Die Hungerkrise von 1816

Das Museum des Kantons Glarus blickt in einer Vortragsreihe 200 Jahre zurück – auf Ereignisse, die Gesellschaft und Politik des Kantons Glarus und der Schweiz geprägt haben. Im ersten Vortrag am letzten Mittwoch referierte der Berner Historiker Dr. Daniel Krämer im Rittersaal des Freulerpalastes über eine fast vergessene Krise und ihre Bewältigung.



Das Museum des Kantons Glarus blickt in einer Vortragsreihe 200 Jahre zurück. (Bild: e.huber)
Das Museum des Kantons Glarus blickt in einer Vortragsreihe 200 Jahre zurück. (Bild: e.huber)

Krämer beleuchtete die Hungersnot von 1816 und 1817. Er leitete sein Referat mit einer Schilderung des Geistlichen Peter Scheitlin ein, der 1816 eine Armenfahrt machte und in Ennenda unbeschreibliches Elend antraf.
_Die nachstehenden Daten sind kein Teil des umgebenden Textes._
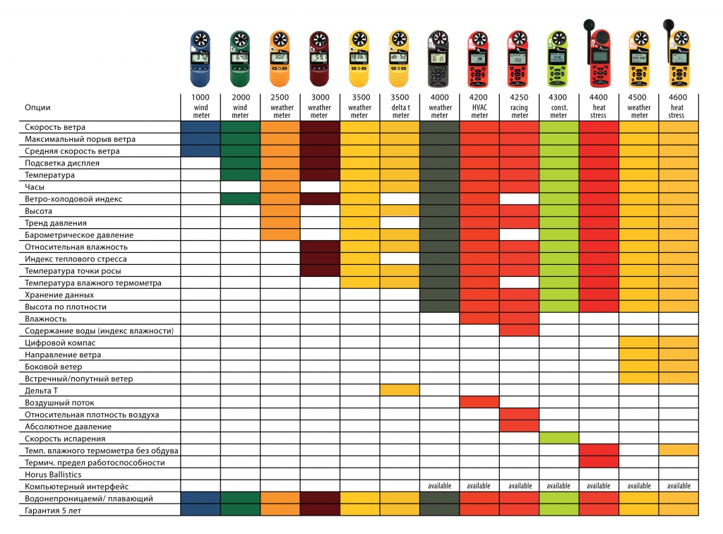 Ветромер Kestrel 3500 все возможности измерений Kestrel 3000, а также:
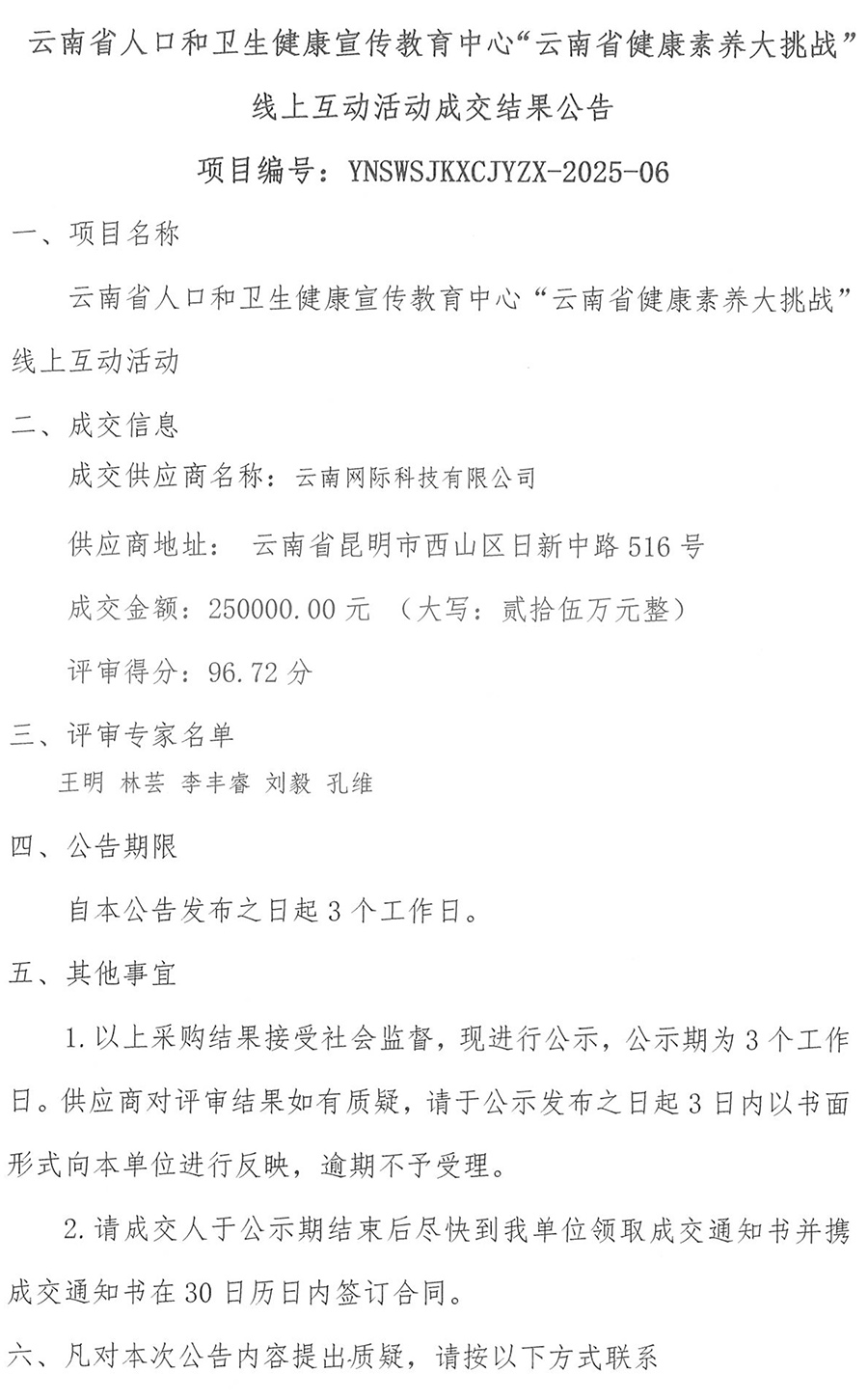 上一篇:“云南省健康素养大挑战”线上互动活动竞争性磋商公告

Die Gründe dafür kannte der Kirchenmann noch nicht, so der Referent. Das Jahr 1816 erlebten die Menschen als «Jahr ohne Sommer» – Ernten fielen aus, der Mangel trieb die Getreidepreise in die Höhe und Nahrungsmittel wurden für eine breite Bevölkerungsschicht unerschwinglich. Eine Hungersnot brach aus. Erst hundert Jahre später fanden Naturwissenschaftler heraus, dass die kalten Jahre durch den Ausbruch des Vulkans Tambora in Indonesien verursacht worden waren. Der Auswurf des Vulkans im April 1815 breitete sich in der Atmosphäre aus, beeinträchtigte die Sonneneinstrahlung und liess die Temperaturen in Europa spürbar sinken.
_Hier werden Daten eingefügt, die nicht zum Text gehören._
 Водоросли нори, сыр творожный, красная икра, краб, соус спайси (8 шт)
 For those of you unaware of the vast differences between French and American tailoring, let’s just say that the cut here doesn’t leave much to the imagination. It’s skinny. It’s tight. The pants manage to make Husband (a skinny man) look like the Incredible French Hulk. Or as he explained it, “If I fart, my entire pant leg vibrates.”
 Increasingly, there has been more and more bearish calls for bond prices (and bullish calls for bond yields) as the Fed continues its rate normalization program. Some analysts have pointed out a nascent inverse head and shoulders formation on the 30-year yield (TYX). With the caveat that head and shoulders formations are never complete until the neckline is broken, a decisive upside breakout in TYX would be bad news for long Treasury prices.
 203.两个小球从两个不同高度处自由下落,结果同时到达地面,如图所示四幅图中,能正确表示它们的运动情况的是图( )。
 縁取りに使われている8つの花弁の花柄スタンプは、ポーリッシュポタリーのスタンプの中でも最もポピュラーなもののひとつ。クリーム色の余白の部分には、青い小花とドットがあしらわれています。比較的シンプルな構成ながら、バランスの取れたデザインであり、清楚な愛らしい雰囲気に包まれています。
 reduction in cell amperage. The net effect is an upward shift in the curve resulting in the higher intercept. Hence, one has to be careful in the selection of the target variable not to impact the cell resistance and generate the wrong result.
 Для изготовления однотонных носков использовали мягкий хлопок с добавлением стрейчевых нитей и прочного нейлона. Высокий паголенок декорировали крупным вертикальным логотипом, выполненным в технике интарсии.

Anhand zahlreicher Karten und Grafiken veranschaulichte Krämer, dass der durch den Vulkanausbruch bewirkte Klimawandel nicht überall dieselben wirtschaftlichen und gesellschaftlichen Konsequenzen zeitigte. In der Westschweiz griffen die Regierungen in den Markt ein, indem sie Preisobergrenzen für Getreide definierten und selber Getreide kauften. Ganz anders in der Ostschweiz, wo die Teuerungswelle hochging, weil die Behörden untätig blieben und Getreide Mangelware wurde.

Der Historiker schloss mit einem Blick in die Zukunft: Warnungen vor globalen Auswirkungen des heutigen Klimawandels seien kritisch zu lesen, zeige doch das Beispiel der Hungerkrise, dass Klimaveränderungen sich je nach wirtschaftlicher oder politischer Situation, in der sich eine Gesellschaft gerade befindet, ganz unterschiedlich auf diese auswirke. Darum hätten auch nicht alle Regionen der Schweiz gleichermassen unter der Krise gelitten.

Nach dem Referat entspann sich eine lebhafte Diskussion, in der auch kritische Fragen gestellt wurden. Ein Zuhörer erkundigte sich nach der Versorgungssicherheit, wäre der Vulkan 2014 ausgebrochen. Die Behörden hätten für die Bewältigung solcher Krisen inzwischen Szenarien entwickelt, versicherte Krämer, der sich zu diesem Thema bei den zuständigen Ämtern selbst ins Bild gesetzt hatte.